Abstract
Objectives
Diagnostic accuracy of amino-acid PET for distinguishing progression from treatment-related changes (TRC) is currently based on single-center non-homogeneous glioma populations. Our study assesses the diagnostic value of static and dynamic [18F]FDOPA PET acquisitions to differentiate between high-grade glioma (HGG) recurrence and TRC in a large cohort sourced from two independent nuclear medicine centers.
Methods
We retrospectively identified 106 patients with suspected glioma recurrences (WHO GIII, n = 38; GIV, n = 68; IDH-mutant, n = 35, IDH-wildtype, n = 71). Patients underwent dynamic [18F]FDOPA PET/CT (n = 83) or PET/MRI (n = 23), and static tumor-to-background ratios (TBRs), metabolic tumor volumes and dynamic parameters (time to peak and slope) were determined. The final diagnosis was either defined by histopathology or a clinical-radiological follow-up at 6 months. Optimal [18F]FDOPA PET parameter cut-offs were obtained by receiver operating characteristic analysis.

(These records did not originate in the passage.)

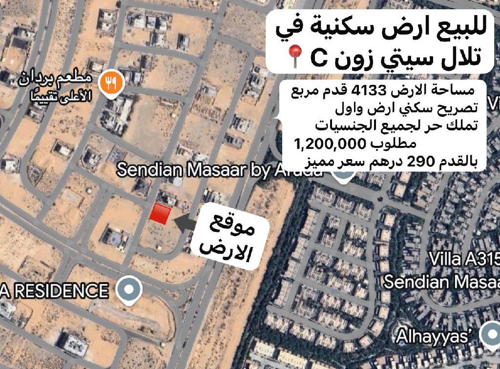 A prime investment opportunity in Sharjah Residential land for sale in Al Tilal City Zone C The plot measures 4133 SqFt. Features include a prime and strategic location, ready for construction, ideal for real estate investment, and a highly desirable investment area. Price AED1200000. Dar Al Mustaqbal real estate Company
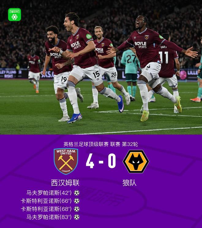 北京时间4月11日英格兰足球顶级联赛 联赛 第32轮,西汉姆联主场对阵狼队。西汉姆联马夫罗帕诺斯梅开二度,卡斯特利亚诺斯梅开二度。最终比分西汉姆联 4-0 狼队。
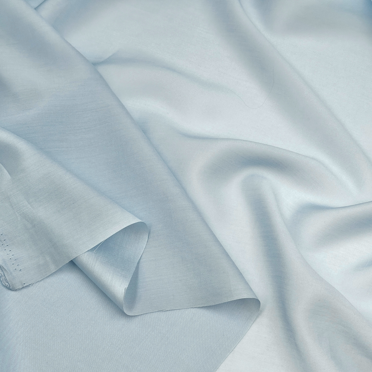 Ткань батист светло-голубая, состоящий на 70% из тенселя и на 30% из хлопка, представляет собой легкую и воздушную ткань, которая сочетает в себе лучшие качества обоих материалов. Тенсель придает ткани гладкость и блеск, а хлопок обеспечивает прочность и комфорт при носке.
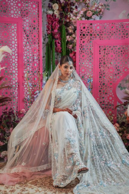 Ivory Satin Silk Saree With Sequin & Thread Embroidery Work
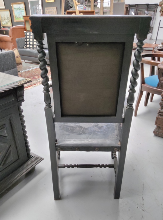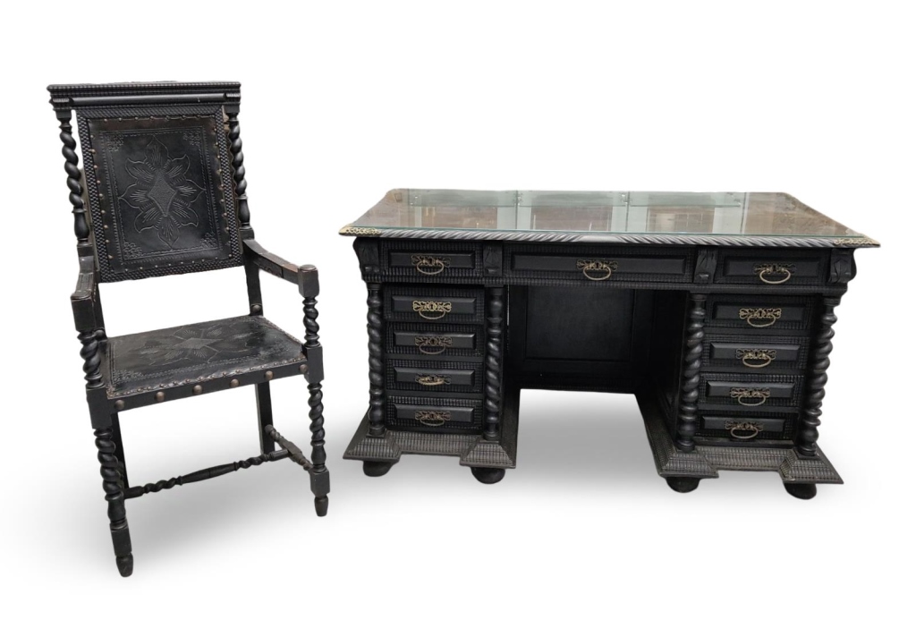 An impressive Baroque Revival writing desk accompanied by a matching leather armchair, crafted in richly finished ebonised wood and decorated with intricate carved detailing.
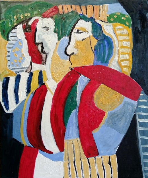 huile expressionniste jaune clair et bleue sur toile de lin « Two Figures »
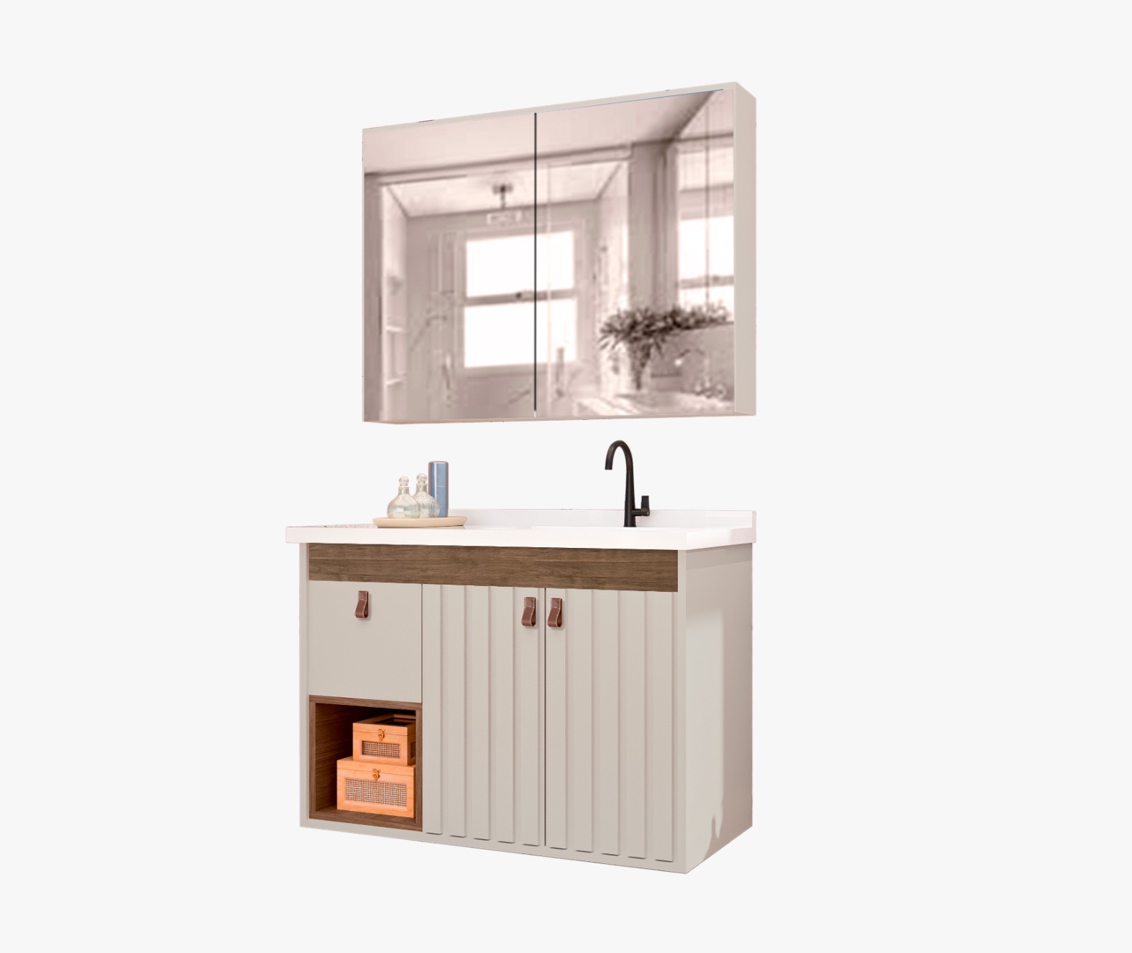 • Gabinete e Espelheira em MDP – resistente, durável e acabamento.

Predictive factors and clinical parameters were assessed using univariate and multivariate Cox regression survival analyses.
Results
Surgery or the clinical-radiological 6-month follow-up identified 71 progressions and 35 treatment-related changes. TBRmean, with a threshold of 1.8, best-differentiated glioma recurrence/progression from post-treatment changes in the whole population (sensitivity 82%, specificity 71%, p < 0.0001) whereas curve slope was only significantly different in IDH-mutant HGGs (n = 25). In survival analyses, MTV was a clinical independent predictor of progression-free and overall survival on the multivariate analysis (p ≤ 0.01). A curve slope > −0.12/h was an independent predictor for longer PFS in IDH-mutant HGGs
Conclusion
Our multicentric study confirms the high accuracy of [18F]FDOPA PET to differentiate recurrent malignant gliomas from TRC and emphasizes the diagnostic and prognostic value of dynamic acquisitions for IDH-mutant HGGs.
Key Points
• The diagnostic accuracy of dynamic amino-acid PET, for distinguishing progression from treatment-related changes, is currently based on single-center non-homogeneous glioma populations.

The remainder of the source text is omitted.